1. A method of taking a rock sample for assay purposes in an underground mine including the steps of: providing an apparatus for cutting rock samples from a rock face, the apparatus including an elongate guide; an oscillating disc cutter mounted for rectilinear movement along the guide; and a mount operable to position and hold the elongate guide in a desired location relative to an adjacent rock face such that the oscillating disc cutter can be moved along the guide to cut a straight groove of controlled width and depth in the rock face; positioning the guide in a desired location across a rock face to be cut; holding the guide in the desired location by operating the mount to engage adjacent rock walls; operating the oscillating disc cutter along the guide to cut a groove of controlled width and depth in the rock face; and collecting the rock cut from the groove.
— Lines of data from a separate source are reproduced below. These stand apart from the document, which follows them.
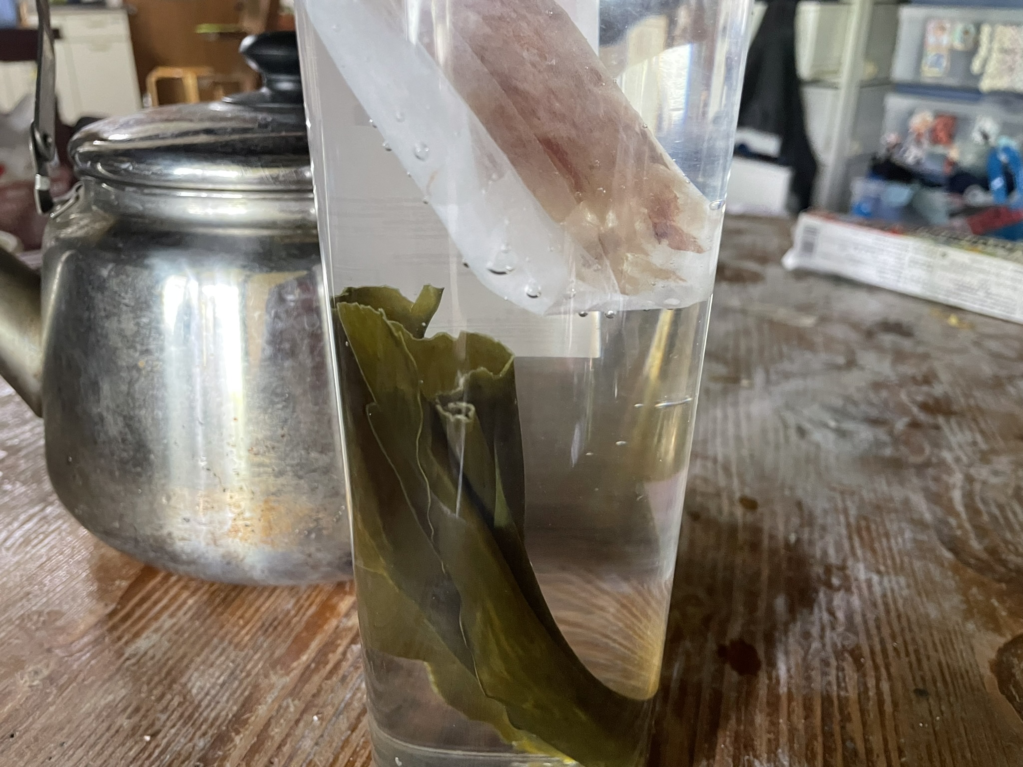 作り方は簡単。昆布をポットに入れて半日以上置くだけ。昆布だけでも良いし、煮干しやカツオ節を入れてもよい。いわゆる出汁水と言われるものだ。
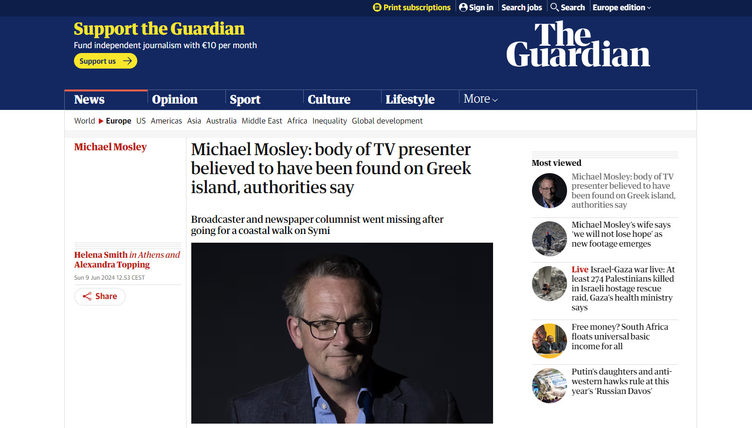 «Μάικλ Μόσλεϊ: Η σορός του τηλεοπτικού παρουσιαστή πιστεύεται ότι βρέθηκε σε ελληνικό νησί, λένε οι Αρχές», αναφέρει ο τίτλος του δημοσιεύματος του Guardian.
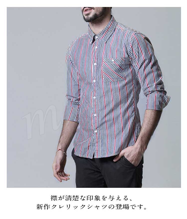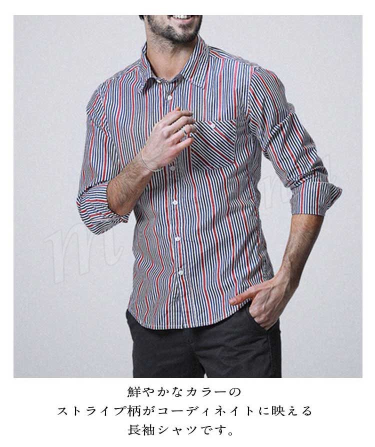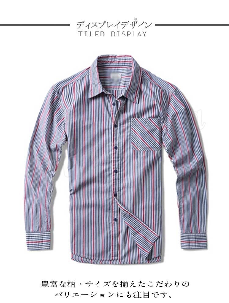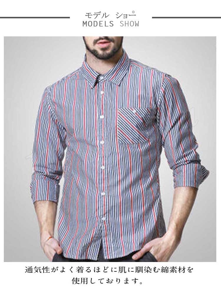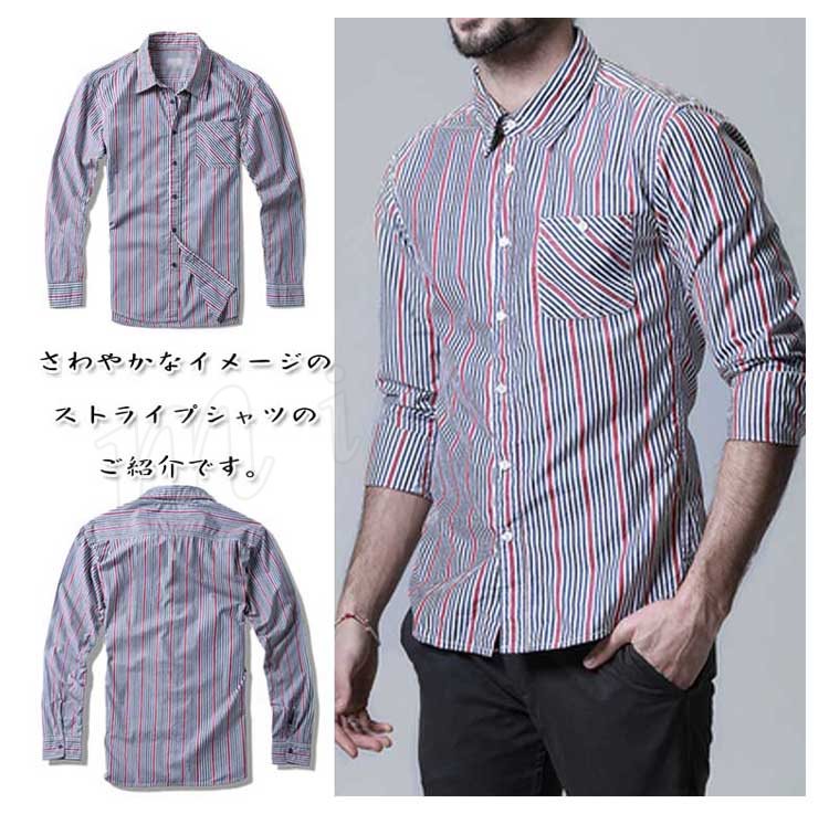 メンズシャツスリムシルエット長袖ストライプシャツお洒落ストライプシャツメンズ長袖シャツメンズ

2. A method according to claim 1 including the step of making a first pass across the rock face with the oscillating disc cutter positioned to cut an even path across an irregular face by removing high spots before cutting the groove along the path for the sample collection.

3. A method according to claim 1 wherein the apparatus further includes a drive operable to drive the oscillating disc cutter along the guide.

4. A method according to claim 1 wherein the mount includes a plurality of arms mounted on the guide and extendable to engage nearby rock surfaces.

5. A method according to claim 1 wherein the guide includes one or more guide rails and the oscillating disc cutter is mounted on a carriage adapted for movement along the rails.

6. A method according to claim 1 wherein the rails are mounted within an elongate channel having one face open toward the adjacent rock face.

7. A method according to claim 1 wherein the guide is attached to a mine vehicle by way of an adapter frame arranged to position the guide in a desired location relative to an adjacent rock face.